Restate the following data in its entirety, word for word and without images.

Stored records
%%
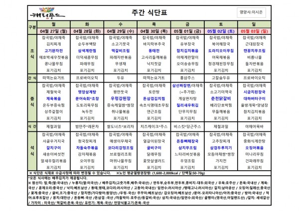 4월 넷째주 식단표 페이지 정보 작성자 은천노인복지회 작성일26-04-27 17:08 조회87회 댓글0건 관련링크 다음글 목록 답변 본문 4월 넷째주 어르신 식단표 안내해 드립니다. 정성과 영양을 담아 준비하겠습니다. 다음글 목록 답변
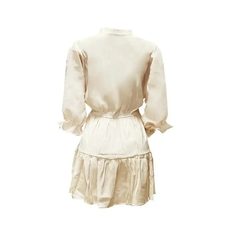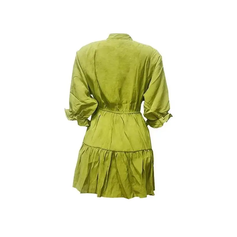 5. Women's Casual V Neck Loose Waist Pleated Dress, Short Sleeve Summer Fashion, Fitted Style, Moderate Fabric Thickness233
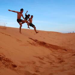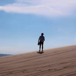 ✔ Med sandet som naturlig støddæmper kunne vi glide ned med kæmpe skridt. Hvad der havde taget 4 timer at bestige tog 10 minutter at løbe ned.
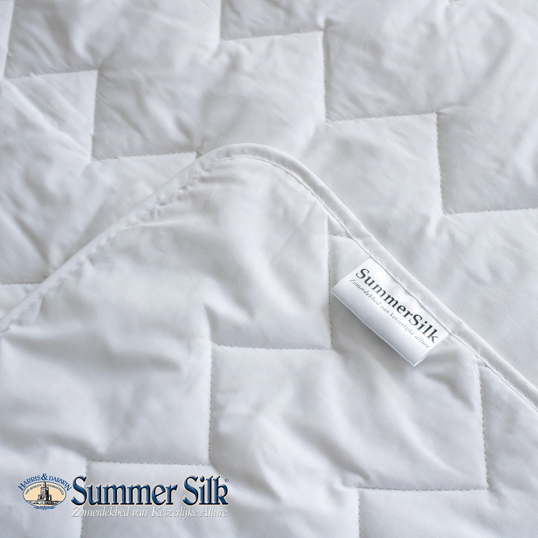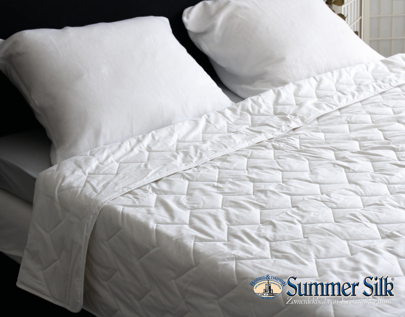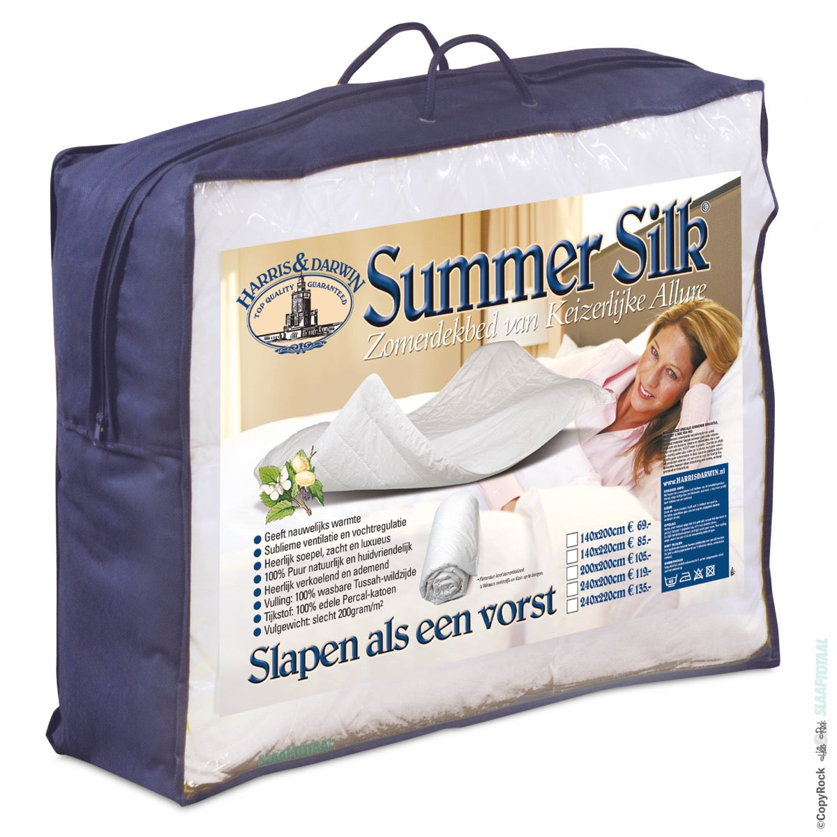 Het heerlijk koele zomerdekbed Harris&Darwin SummerSilk© is ideaal voor warme zomernachten. SummerSilk© is gevuld met originele Tussah-Wildzijde, in flinterdunne en ultralichte uitvoering. Echte Tussah-wildzijde geeft nauwelijks warmte, is extreem vochtverwerkend, en voelt uiterst luxueus. ’n Weelderig gevoel, waar de Chinesche Keizers al verguld van waren. Voel dit gevoel, en u snapt waarom… SummerSilk© is bekleed met een extra koele, natuurlijke tijkstof van 100% Percal-katoen.
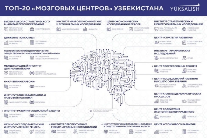 По имеющимся оценкам, сегодня в Узбекистане насчитывается около 20 негосударственных аналитических центров. Согласно анализу движения «Юксалиш», в текущем году в ТОП-20 «мозговых учреждений» страны вошли около 10 негосударственных центров.
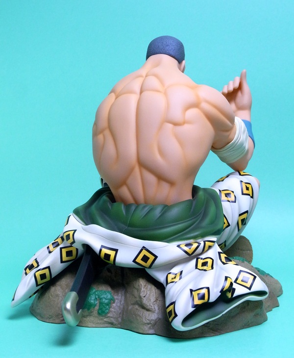 写真で白が飛んじゃってますが、実際は包帯と着物の白い部分はもっと薄汚れた感じ複雑な色合いになっています。また、上半身は中空構造のため、見た目より軽いです。
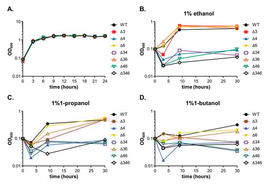 - Horinouchi, T.; Maeda, T.; Furusawa, C. Understanding and engineering alcohol-tolerant bacteria using OMICS technology. World J. Microbiol. Biotechnol. 2018, 34, 157. [Google Scholar] [CrossRef]
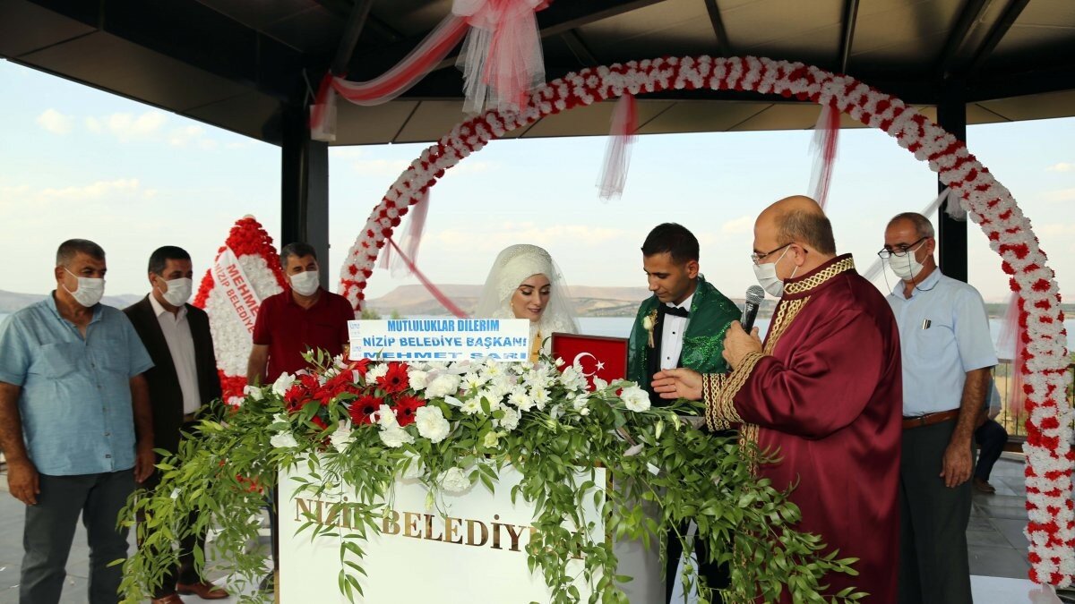 Zeugma'da belirlenen alanda Nizip Belediye Başkanı Mehmet Sarı, tarih bölümü mezunu olan Zeynep ve İbrahim Keskin çiftinin nikahını kıyarak, çifte mutluluklar diledi.
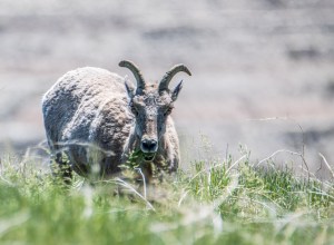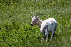 Meanwhile further along the same knoll a group of bighorns is grazing on the green grass, oblivious to me clicking away. I’d like to get closer and get their attention so they’ll look my way but not one of those who tempt fate by testing the patience of wild animals.
%%
■ **EXERCISE ANSWER**:
 4월 넷째주 식단표 페이지 정보 작성자 은천노인복지회 작성일26-04-27 17:08 조회87회 댓글0건 관련링크 다음글 목록 답변 본문 4월 넷째주 어르신 식단표 안내해 드립니다. 정성과 영양을 담아 준비하겠습니다. 다음글 목록 답변
 5. Women's Casual V Neck Loose Waist Pleated Dress, Short Sleeve Summer Fashion, Fitted Style, Moderate Fabric Thickness233
 ✔ Med sandet som naturlig støddæmper kunne vi glide ned med kæmpe skridt. Hvad der havde taget 4 timer at bestige tog 10 minutter at løbe ned.
 Het heerlijk koele zomerdekbed Harris&Darwin SummerSilk© is ideaal voor warme zomernachten. SummerSilk© is gevuld met originele Tussah-Wildzijde, in flinterdunne en ultralichte uitvoering. Echte Tussah-wildzijde geeft nauwelijks warmte, is extreem vochtverwerkend, en voelt uiterst luxueus. ’n Weelderig gevoel, waar de Chinesche Keizers al verguld van waren. Voel dit gevoel, en u snapt waarom… SummerSilk© is bekleed met een extra koele, natuurlijke tijkstof van 100% Percal-katoen.
 По имеющимся оценкам, сегодня в Узбекистане насчитывается около 20 негосударственных аналитических центров. Согласно анализу движения «Юксалиш», в текущем году в ТОП-20 «мозговых учреждений» страны вошли около 10 негосударственных центров.
 写真で白が飛んじゃってますが、実際は包帯と着物の白い部分はもっと薄汚れた感じ複雑な色合いになっています。また、上半身は中空構造のため、見た目より軽いです。
 - Horinouchi, T.; Maeda, T.; Furusawa, C. Understanding and engineering alcohol-tolerant bacteria using OMICS technology. World J. Microbiol. Biotechnol. 2018, 34, 157. [Google Scholar] [CrossRef]
 Zeugma'da belirlenen alanda Nizip Belediye Başkanı Mehmet Sarı, tarih bölümü mezunu olan Zeynep ve İbrahim Keskin çiftinin nikahını kıyarak, çifte mutluluklar diledi.
 Meanwhile further along the same knoll a group of bighorns is grazing on the green grass, oblivious to me clicking away. I’d like to get closer and get their attention so they’ll look my way but not one of those who tempt fate by testing the patience of wild animals.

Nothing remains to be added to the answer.